Crude oil prices dropped by 40% in the final quarter of 2018. Instead of going from $75 bbl. on Oct. 1 to the expected $100-bbl. range, oil prices plummeted.
The decline was driven by concerns over the granting of waivers to buyers of Iranian oil as U.S. sanctions against Iran were to start and fear of a global recession in 2019. More supply and less demand than expected sent oil prices straight down. Thankfully, oil prices have rebounded since the end of the year.
In reaction to the oil price drop, investors jettisoned energy stocks. An abundance of sellers with few buyers sent oil and oilfield service company stocks to price levels not seen for a decade or more. It looked more like an industry liquidation event than a bear market fire sale. While the chaos in the energy and stock markets received front page attention, oil company 2019 spending budgets were quickly being redrawn and reduced. The impact of U.S. shale production on oil company profitability raised questions about the future for offshore spending, which barely 60 days earlier was expected to begin driving a Gulf of Mexico recovery.
The past couple of weeks witnessed a series of announcements with confusing implications for the offshore market. Investment bank Barclays released its 34th Global 2019 E&P Spending Outlook calling for an 8% increase, consistent with last year’s spending hike. Buried in the survey is the expectation for offshore spending to decline 7% this year, marking the fifth consecutive year of declines. That’s a record for the industry, but not a good one. A ray of sunshine Barclays offers for the offshore market is the possibility that 2020 will be the inflection year for industry activity, which they foreshadow with their projected floater rig count increase during 2019.

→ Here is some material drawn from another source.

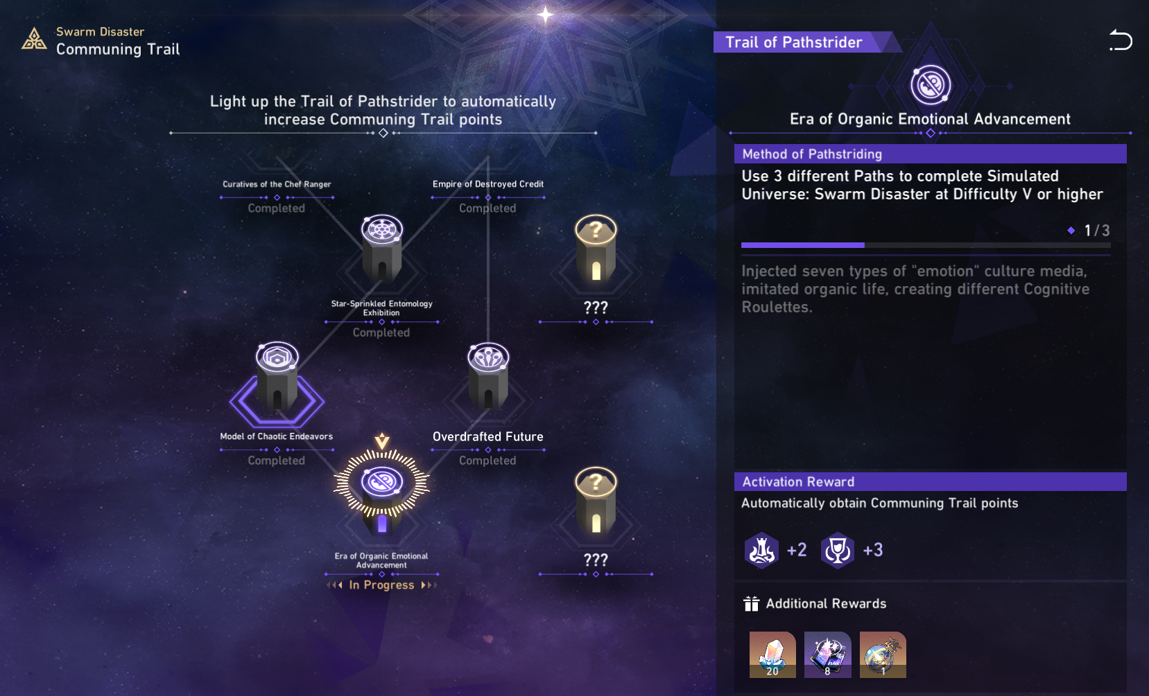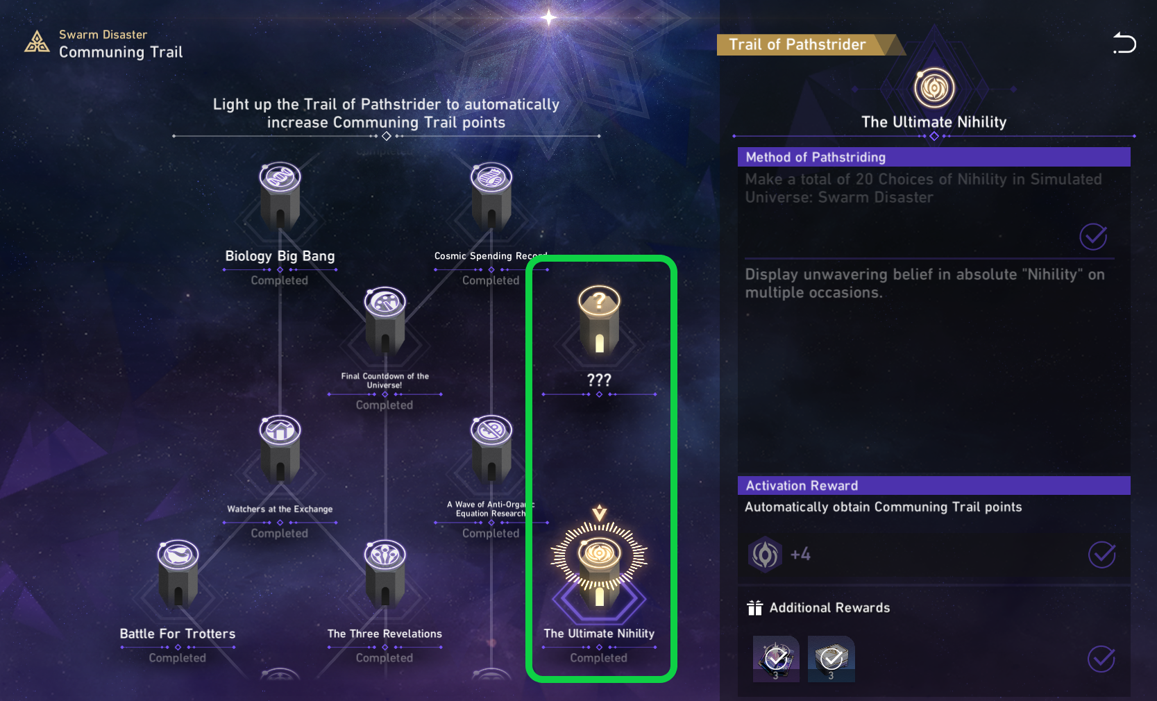 Besides the regular objectives, there are also hidden objectives located on the right side of the Trail. These objectives require you to make a total of 20 Path-specific choices during Swarm Disaster. There are seven hidden objectives corresponding to each of the Paths, except for Propagation. You can expect a Path choice to appear after defeating a Boss Domain, and there’s also a chance they may appear during Occurrence event choices.

On an optimistic note, BP announced it has discovered an additional billion barrels of oil at its Thunder Horse field, while also declaring plans to invest $1.3 billion to develop a third phase of its Atlantis offshore field south of New Orleans. Both announcements are welcome shots in the arm for the domestic offshore market. Importantly, BP attributes its progress to having invested in advanced seismic technology, something often cut during industry downturns and belt-tightening periods. Once again, technology is coming to the rescue of the energy business.
The good news in the Gulf was countered by the Norwegian government forecasting crude oil output in its section of the North Sea could fall to the lowest level in 30 years. Output this year is targeted at 1.42 million bbls. per day, a nearly 5% decline from 2018’s production level. With a lower average oil price predicted for this year, oil company revenues and cash flows will fall, as will Norway’s royalty income.
Forecasters with optimistic views for the offshore market in 2019 may still prove to be correct. The commodity roller coaster will provide thrills and chills for energy execs this year. The chaos of 2018 will lurk in the background, leaving confidence about the future perched on an unstable foundation.
Entering the fifth year of turmoil since Saudi Arabia shook up the energy world in 2014, fatigue is weighing on many in the industry. Fighting that fatigue will be the greatest challenge facing managements who cannot approach 2019 as the 10th round of a heavyweight fight. This is a never-ending fight.